WHAT YOU HAVE TO DO: The exercise calls for exact output of the lines between the one that contains "中午,一批批中小学生来到展台" and the end of the data, with both ends kept and pictures left out.
————————
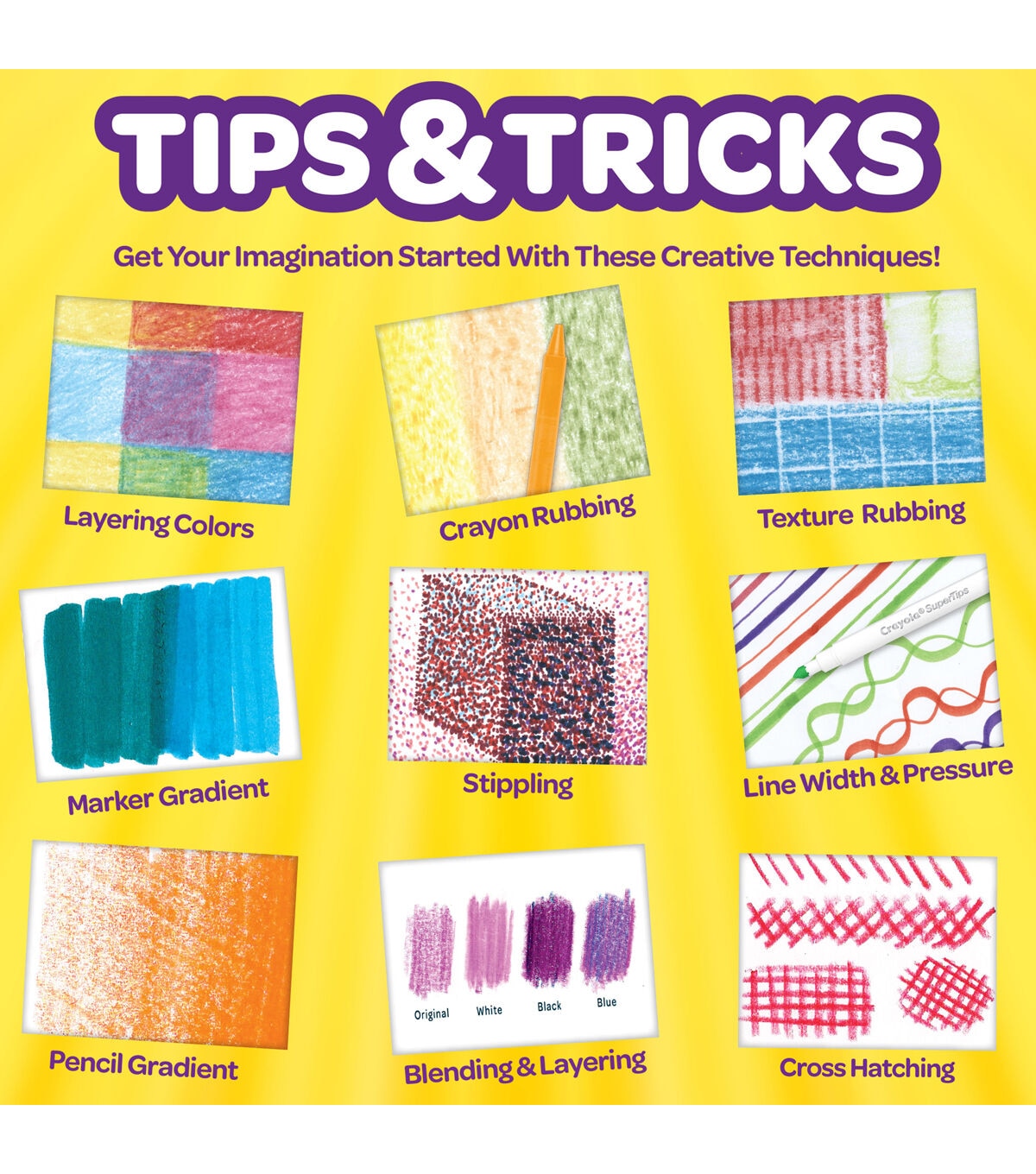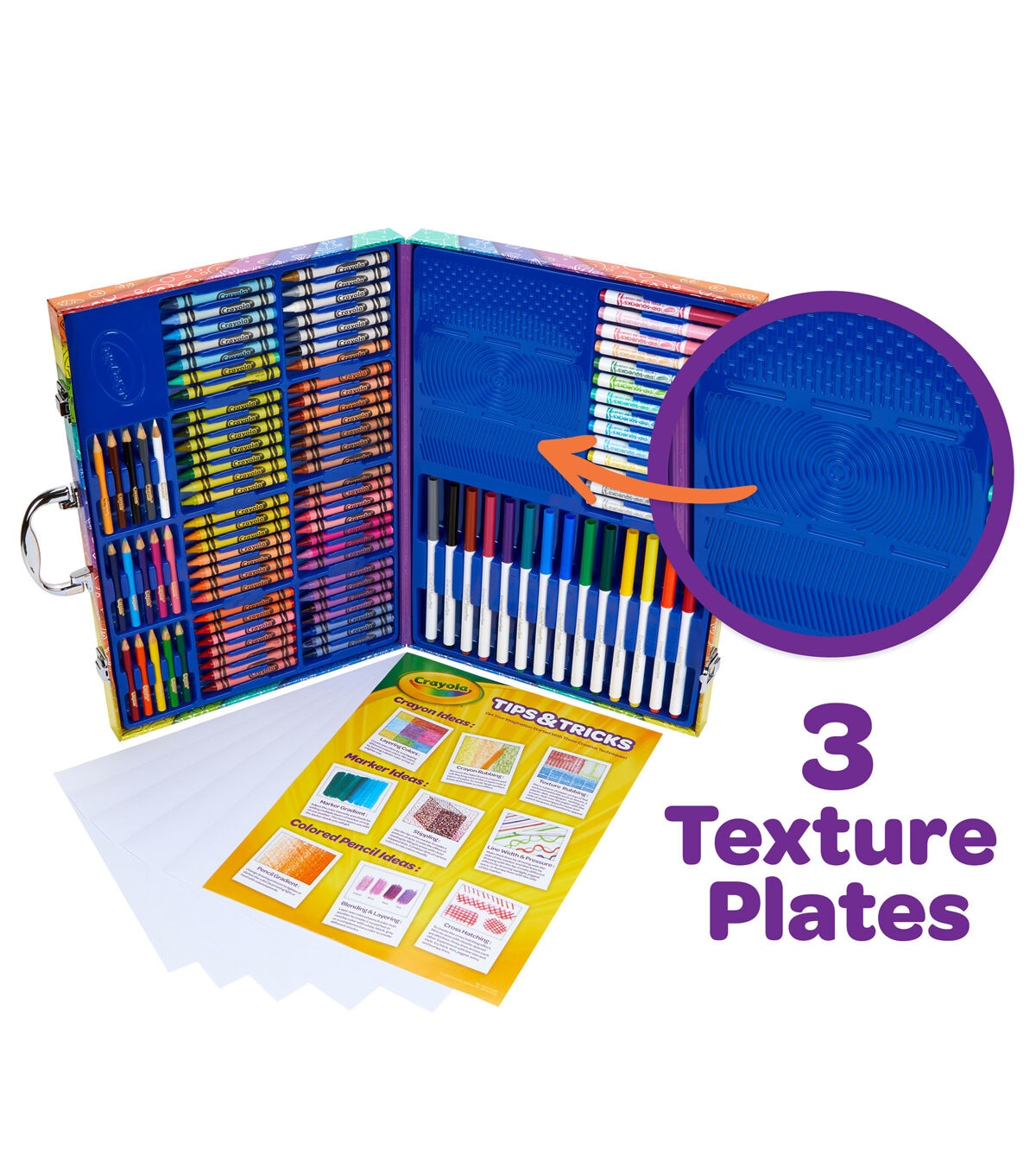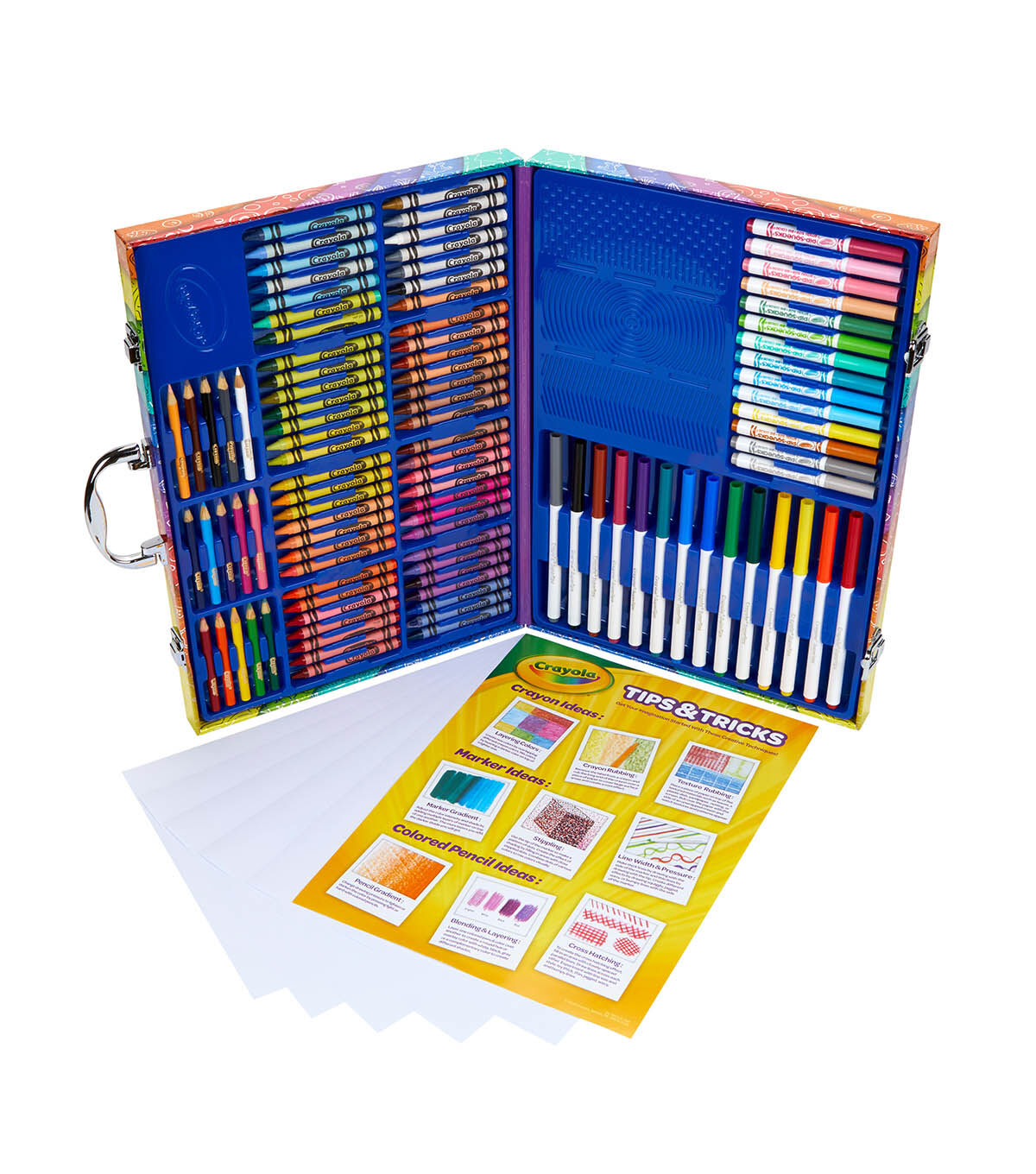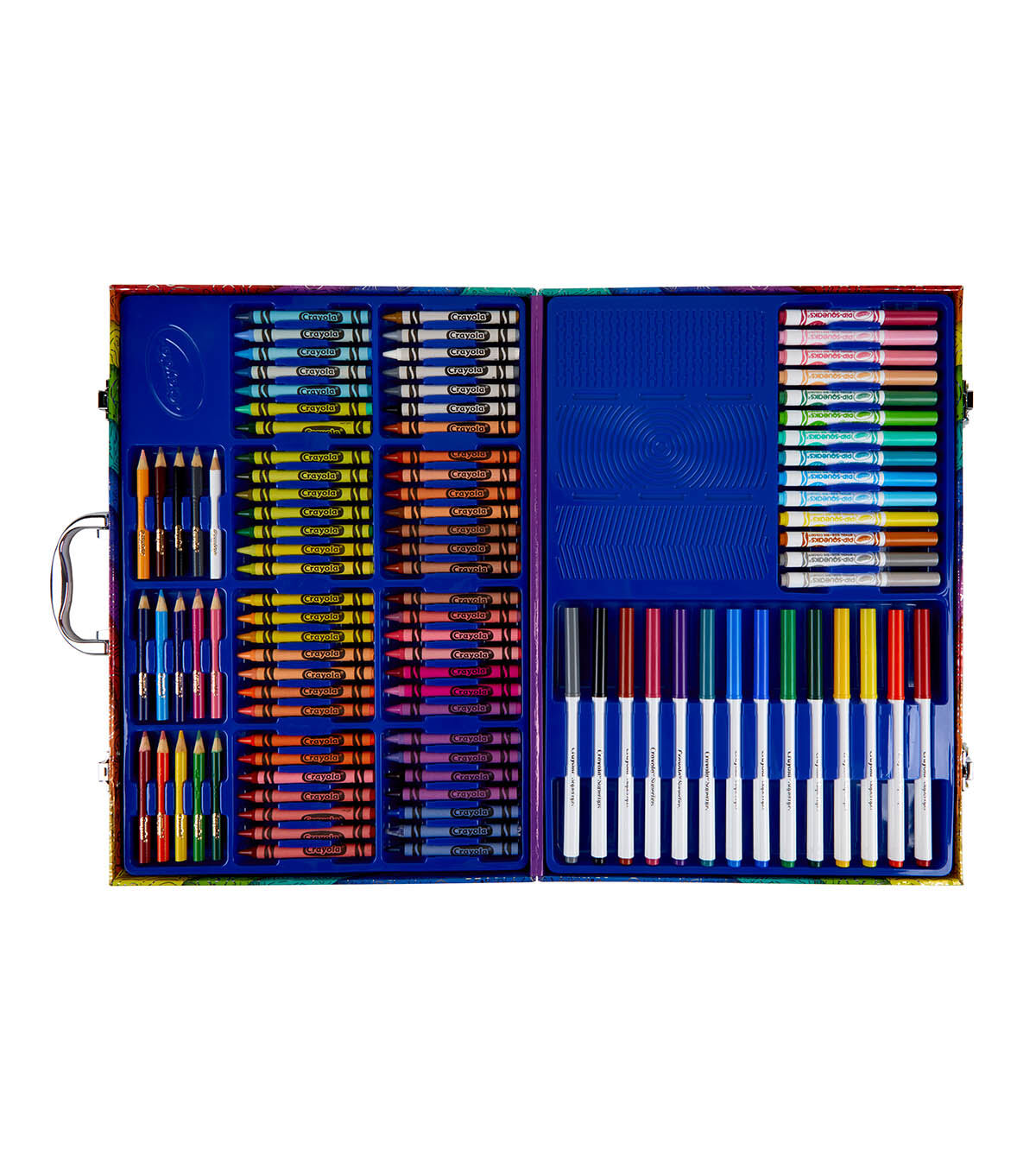 - Features 115 Pieces in a Storage Case, including 14 Super Tips Markers, 15 Short Colored Pencils, 14 Pip Squeaks Skinnies Markers, 56 Crayons, 15 Large Sheets of Paper, 3 Rubbing Plates, and How to Guide.
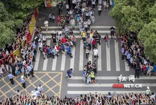 从这个号称“亚洲最大高考工厂”的学校驶出。送考车的车头车尾都坐着穿红衣服的学生,有学生打开车窗,喊着毛中必胜,
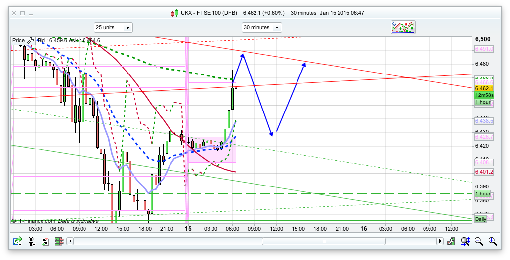 Good morning. Wow, whats a day that was yesterday – not one for the faint hearted at all. Really didn’t expect to get an alert on my phone while out that said the price had hit the bottom of the 20 day Bianca at 6350 – which has held really quite well and now we are at 6465 as I write this! Certainly arrested the fall at that level. The early long did alright for a few points but once again, it was tricky trading – though when is it ever that easy. If it was, everyone would do it! US bullishness was dampened by a poor retail result yesterday, dollar weakened and equities fell. However, all eyes remain on the US to drive the global economy at the moment, with the American economy growing at its fastest pace in over a decade in the third quarter of 2014, reaching an annualized rate of 5 percent. With Brazil stagnating, Russia entering a recession, and India struggling to implement economic reforms, you can see why. The Davos meeting could be interesting this year!
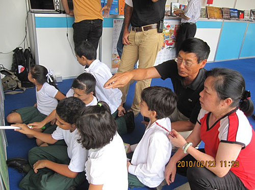 中午,一批批中小学生来到展台,他们翻阅着精美的汉语教材和画册,为画册上生动的故事吸引,我们的工作人员向他们介绍书中内容,引起阵阵欢笑。许多小朋友席地而坐,拿起有声识字教鞭在工作人员的指导下学习中国民歌“茉莉花”。他们还拿起教鞭读汉语,在场的工作人员为他们纠正发音,孩子们都极其认真地跟着学。许多学生表现出对学习汉语的强烈愿望。许多本土教师看到国家汉办编写出版的多种翻译成西班牙语的汉语教材和先进的教学工具,都非常感兴趣,纷纷询问怎样才能买到。
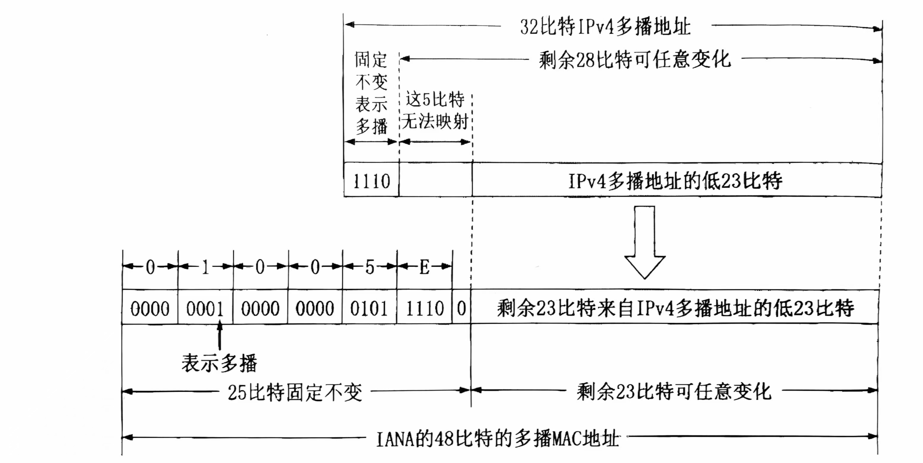 由于IPv4多播地址有28位可变,而MAC地址仅23位可变,因此映射关系不唯一(1个MAC地址对应32个IPv4多播地址)
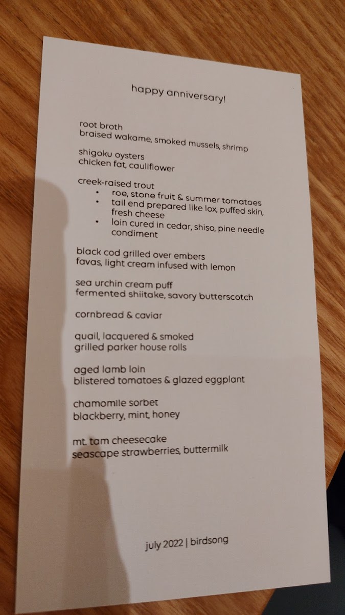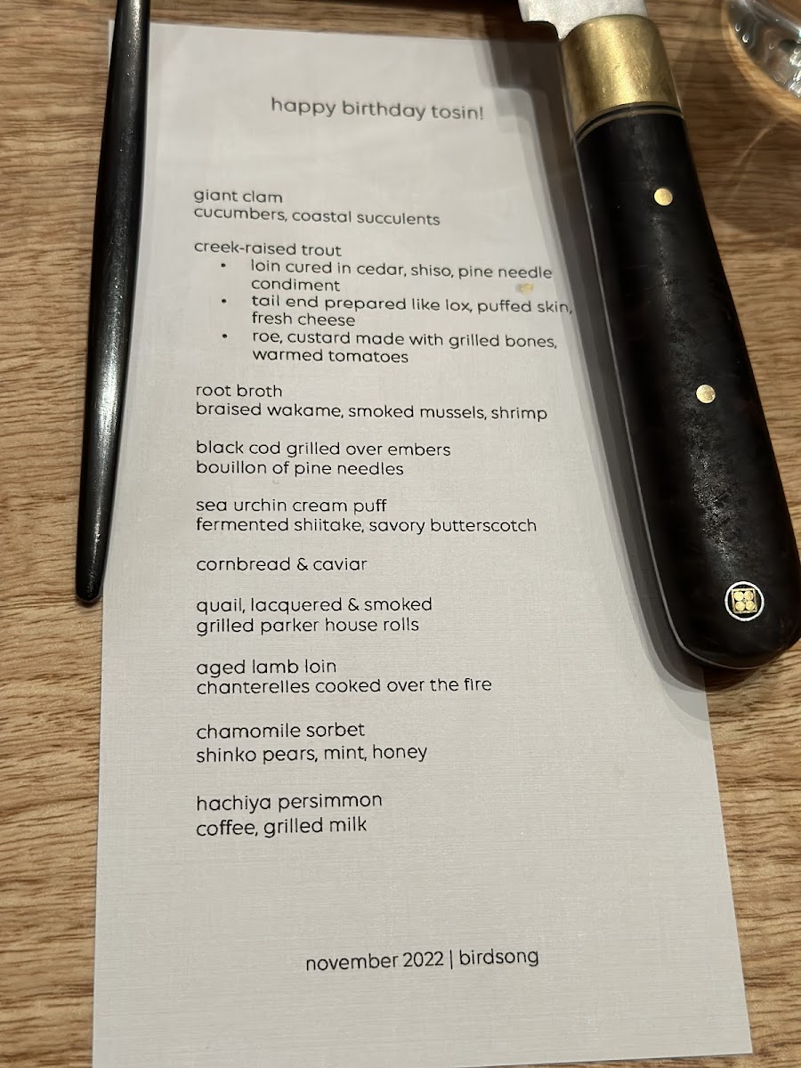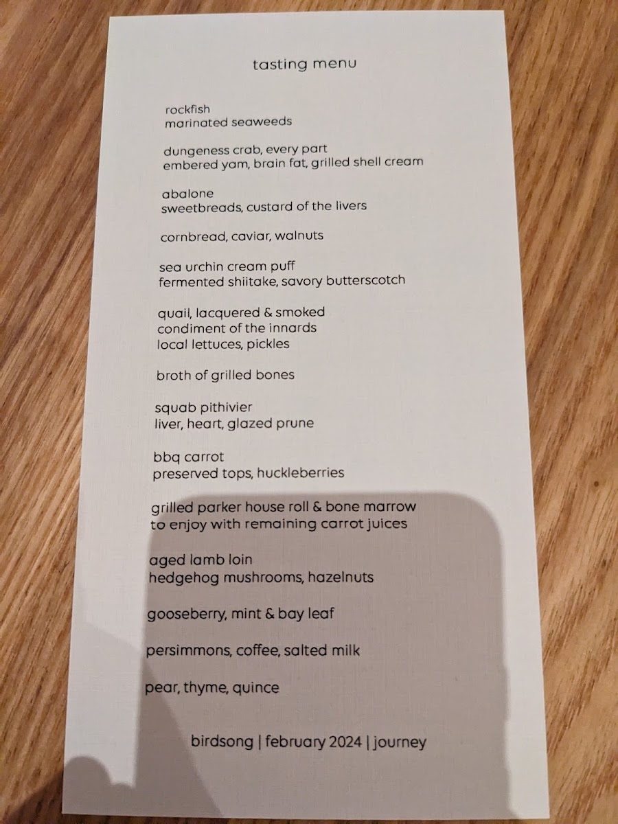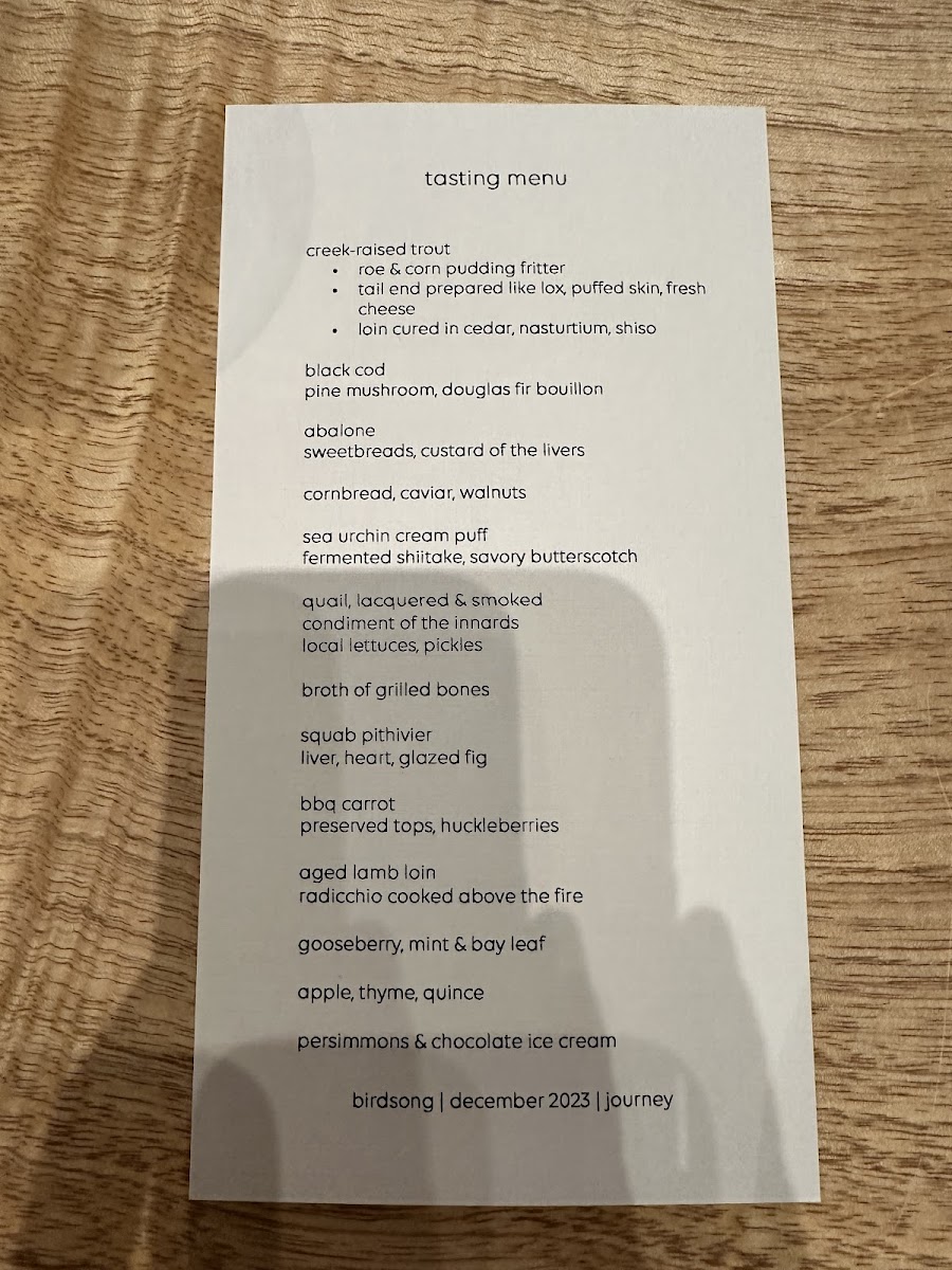 Birdsong's menu is a celebration of flavor and creativity, delivering a memorable dining experience that pushes the boundaries of modern cuisine. Whether you're a seafood lover or a fan of innovative twists on classic dishes, the tasting menu provides a thoughtfully curated journey that is both refined and exciting.
————————
ANSWER SECTION:
 中午,一批批中小学生来到展台,他们翻阅着精美的汉语教材和画册,为画册上生动的故事吸引,我们的工作人员向他们介绍书中内容,引起阵阵欢笑。许多小朋友席地而坐,拿起有声识字教鞭在工作人员的指导下学习中国民歌“茉莉花”。他们还拿起教鞭读汉语,在场的工作人员为他们纠正发音,孩子们都极其认真地跟着学。许多学生表现出对学习汉语的强烈愿望。许多本土教师看到国家汉办编写出版的多种翻译成西班牙语的汉语教材和先进的教学工具,都非常感兴趣,纷纷询问怎样才能买到。
 由于IPv4多播地址有28位可变,而MAC地址仅23位可变,因此映射关系不唯一(1个MAC地址对应32个IPv4多播地址)
 Birdsong's menu is a celebration of flavor and creativity, delivering a memorable dining experience that pushes the boundaries of modern cuisine. Whether you're a seafood lover or a fan of innovative twists on classic dishes, the tasting menu provides a thoughtfully curated journey that is both refined and exciting.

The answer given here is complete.